Proportionate governance improves the quality of decisions and reduces the cost of errors. As such, it contributes to value creation.
Five Questions for Executive Management
Before increasing budgets allocated to artificial intelligence, an executive committee should examine five questions.
What economic problem do we want to solve?
The project must start from a clearly identified business difficulty or opportunity, not from an available technology.
Which indicator should evolve?
The expected result must be measurable: cost, time, revenue, quality, risk, customer satisfaction, or processing capacity.
What was the situation before deployment?
An initial baseline is essential to measure evolution and correctly attribute results.
What costs have we actually integrated?
The calculation must include data, integration, training, supervision, maintenance, and change management.
What change in operations is necessary?
The company must determine how work, decisions, skills, and responsibilities will evolve after deployment.
These questions shift the debate. They force executives to no longer consider artificial intelligence as a simple technological purchase. They make it a strategic and organizational decision.
From Use Case Catalog to Value Portfolio
Many companies have built use case catalogs. They must now build value portfolios. Each initiative should have a business owner, an economic indicator, a full cost, a baseline situation, a deployment trajectory, and stop criteria. Projects can then be grouped according to several purposes: operational efficiency, revenue growth, improved customer experience, risk management, or business model innovation. This approach makes it possible to compare very different initiatives and arbitrate investments according to their actual contribution to strategy. It also avoids concentrating all efforts on the productivity gains that are easiest to measure. Some applications produce more indirect value, such as improved decision quality, risk reduction, or accelerated organizational learning. These benefits can be strategic, but they must be documented with the same rigor.
The question is therefore no longer just: how many hours have we saved? It becomes: what economic result have we obtained, for what total cost, with what level of reliability, and in service of what strategic priority?
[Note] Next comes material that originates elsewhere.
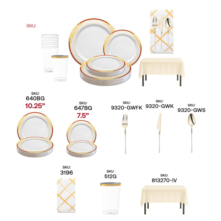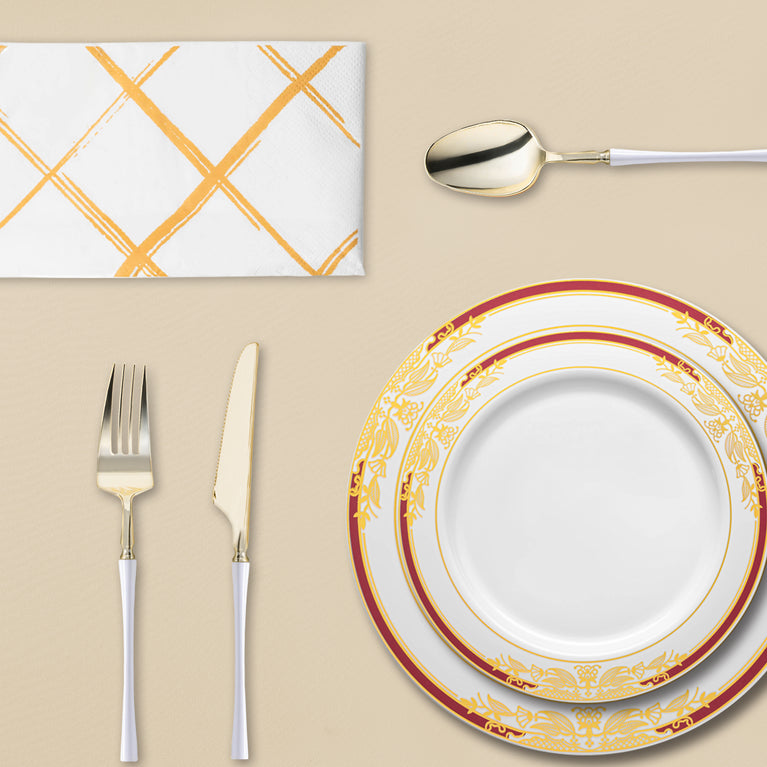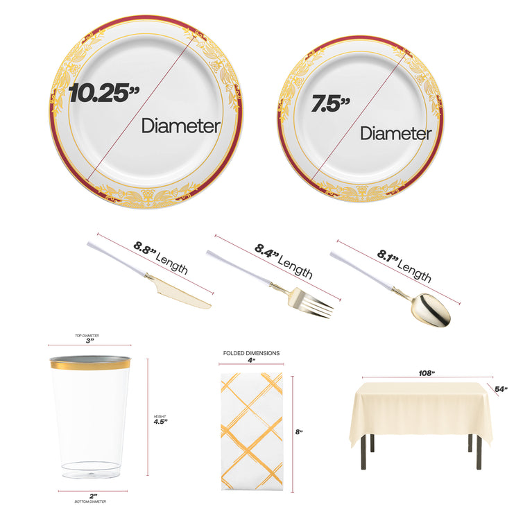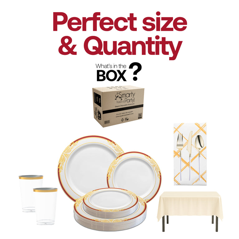 - Service for 20: 20 Dinner Plates, 20 Salad Plates, 20 Forks, 20 Spoons, 20 Knives, 4 Tablecloths, 50 Dinner Napkins and 20 Tumblers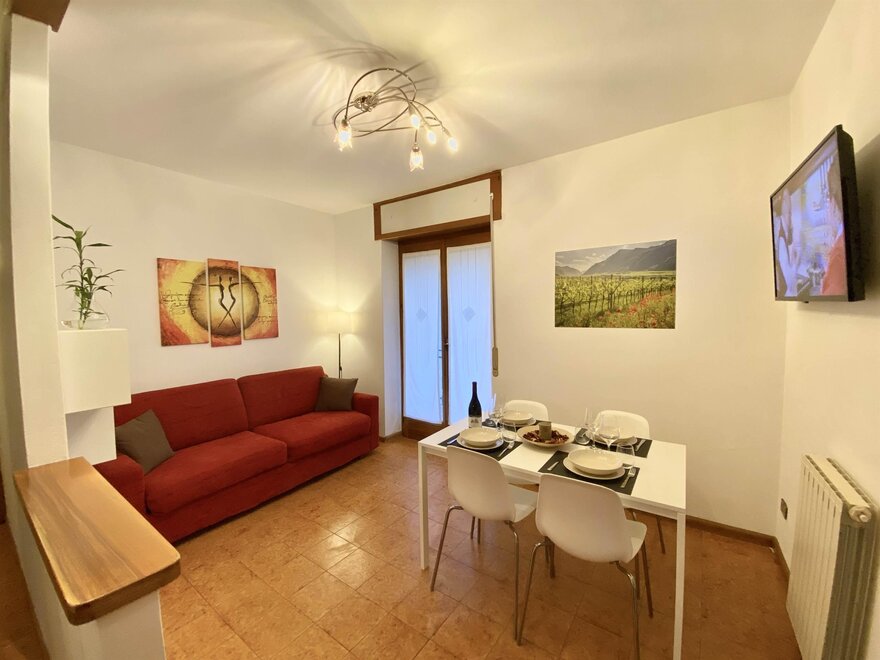 L'appartamento si trova al 1° piano di un edificio storico con un ampio cortile dove poter parcheggiare la macchina o la moto e un bel giardino ricco di piante e fiori.

Organizations Will Make the Difference
The SAP study confirms that companies now expect higher returns on their investments in artificial intelligence. It also shows that their level of preparation remains uneven.
Usage is progressing faster than data quality, skills, processes, and control mechanisms. Ambitions related to agents sometimes exceed the actual capacity of organizations to integrate and supervise them.
The return on investment therefore does not depend solely on the power of models. It depends on the company’s ability to connect technology to its objectives, data, processes, and responsibilities.
Artificial intelligence creates new possibilities for action. It can accelerate, analyze, recommend, and automate. But it does not decide how the freed-up time should be used, which processes should evolve, or which economic priorities to pursue.
These decisions remain the responsibility of the organization.
Models will continue to progress. Costs will evolve. Technical capabilities will become more accessible. As tools spread, competitive advantage will shift toward the quality of their integration.
For executives, the question is therefore no longer how many tools have been deployed.
It is to determine what results have been obtained, for what total cost, and in service of what strategy.
It is on this condition that artificial intelligence can become a sustainable economic asset rather than a succession of costly experiments.